How Engineered Tax Services Saved an R&D Tax Credit Client $1.5 Million In One Year!

In its 20 years of existence, Engineered Tax Services has processed thousands of R&D tax creditclaims successfully through the IRS. But in 2019, we saved a client—a California marketing company—an amazing $1.5 million in taxes. How did we do that?

Rebecca Branch, an R&D Manager with ETS, did the site visit with the client (a client of ETS EVP Kim Lochridge), and she undertook R&D tax credit studies for them for three tax years—2016, 2017, and 2018. She shed some light on how we pulled off such a spectacular coup.

Software Developer R&D Tax Credit for a mrketing company

A Marketing Company With a Unique Focus

“Our client was a marketing company that had a unique focus,” she said. “They weren't just doing marketing. They were developing software to make that marketing better. For example: let’s say you were a professional like a doctor or lawyer, and you maintained a number of social media accounts. 

The problem is, you want your contact information and logo, all your personally identifiable information, to match across all your accounts, so if you changed your phone number or email address, that fact would be reflected accurately and instantly everywhere. 

“This marketing company developed an exclusive form of software that interfaced directly with multiple outside third-party systems, such as Facebook, Twitter, and Instagram. There was nothing like it on the market, and they expended a huge amount of resources to create this one-of-a-kind solution. 

It really required a lot of development, a lot of research, a lot of time on their employees’ part, and that was only one example of the type of software they were developing.”

Understanding That the R&D Tax Credit Is a Wage Credit

ETS was able to save the client such a huge tax windfall because we understand that the R&D tax credit is primarily a wage credit. The lion’s share of R&D tax credits are found in a client’s payroll records—and that’s where Rebecca dug deeply.

Not only did she dig into the employee records with all of the wage information—in 2017, she performed an onsite visit to conduct employee interviews, obtain work logs, and estimate how employees were spending their time.

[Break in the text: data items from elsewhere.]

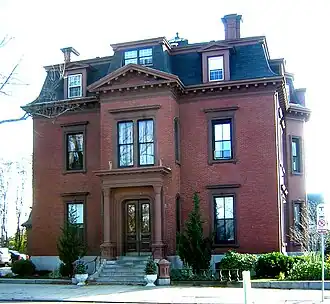 The Harrison Loring House is a historic house at 789 East Broadway in the South Boston neighborhood of Boston, Massachusetts. It is a 2+1⁄2-story brick mansion, with a mansard roof in the Second Empire style. It has brownstone trim around the windows, a modillioned cornice, and a projecting center section with its entrance sheltered by a shallow portico. It was built in 1865 for Harrison Loring, owner of the City Point Iron Works, a major South Boston shipyard, at which steamships were built in the late 19th century. Loring lived in this house until 1894.[2]
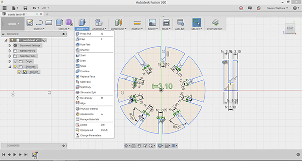 In this way you easily change the dimension of of comb to check this on different material i did this in 2mm and 3mm mdf get parametric laser cutting file in fusion 360 ( .f3d format ) here
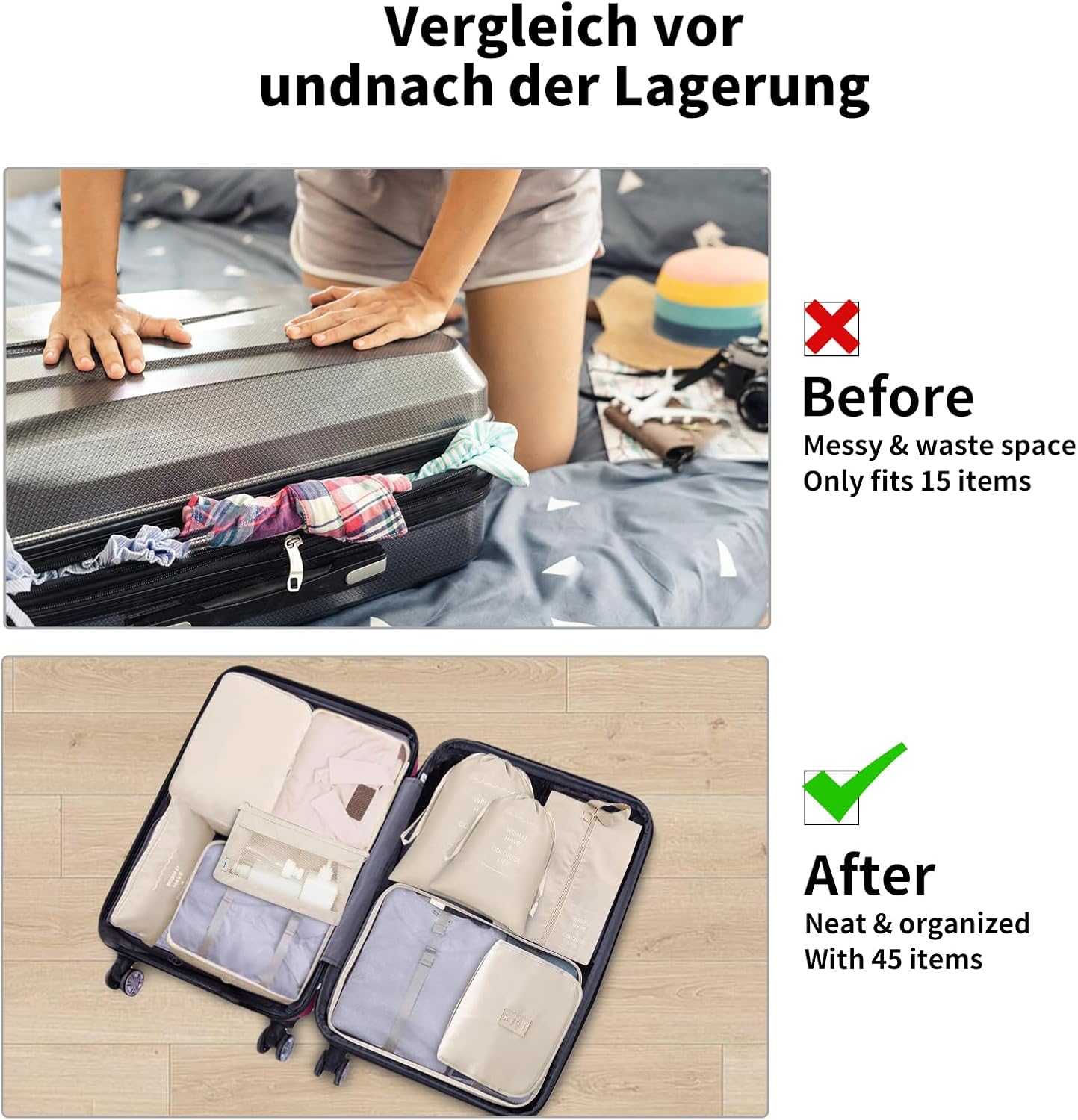 Die 10 Kofferorganizer in verschiedenen Größen sind robust, platzsparend und helfen, alles ordentlich zu verstauen. Dank der transparenten Einsätze behält man immer den Überblick . Empfehlenswert!

“One thing that was very challenging was determining how much employee time was actually spent on development,” she said. “We had to identify who the developers were and then schedule interviews with them to learn how much of their time was devoted to developing the functional and structural portions of the software. 

One reason we did the site visits was to discern the activities that might not be qualified. I made it a point to talk in person to the right people—but they're busy professionals. They’d be at their computers clicking and working away sometimes as I was trying to talk to them, because they had deadlines to meet. 

We don't want to be obtrusive, and we don't want to be taking the employees away from their work. Trying to capture everybody's individual time was a difficult challenge.

“We ended up working with one of their team leaders to create a matrix in Excel to capture individual people's time. We devised a matrix that included the individual employee names, the jobs that they were working on, and the tasks they were focusing on, because we wanted to guarantee we only included those qualified tasks. A big part of it was, as you interview people, you realize they're doing things that maybe they don't realize qualify as R&D, so you have to capture that in your report.”

In all, she interviewed between 10 to 15 employees in the office, especially the managers of every different department to learn what everybody working under them was doing. After that, there followed a multitude of conference calls.

The R&D Tax Credit Catapulted Them in the Software Space

She added: “At ETS, our focus is small and mid-sized businesses. One of the big areas that we focus on is newer companies that are growing, and this client was just starting to get into software development. In 2017, we got them $500,000 in R&D tax credits for the 2016 tax year. In 2018, it increased to $600,000 for the 2017 tax year. Then in 2019, they moved up to a $1.5 million for the 2018 tax year. With the tax savings the ETS was able to get them, it helped them propel themselves into that software space in a way they hadn’t been able to reach before.”

That’s how ETS was able to win a client $1.5 million in tax savings in one year—through hard work, diligence, and above all else, the fact that we’re experts in the R&D tax credit arena: we know where to look for tax savings for our clients.Kim Lockridge commented: “It is my pleasure to work with this client, and we are happy to prepare and thoroughly substantiate the credits for them each year. The value this has brought to the client year over year is substantial.”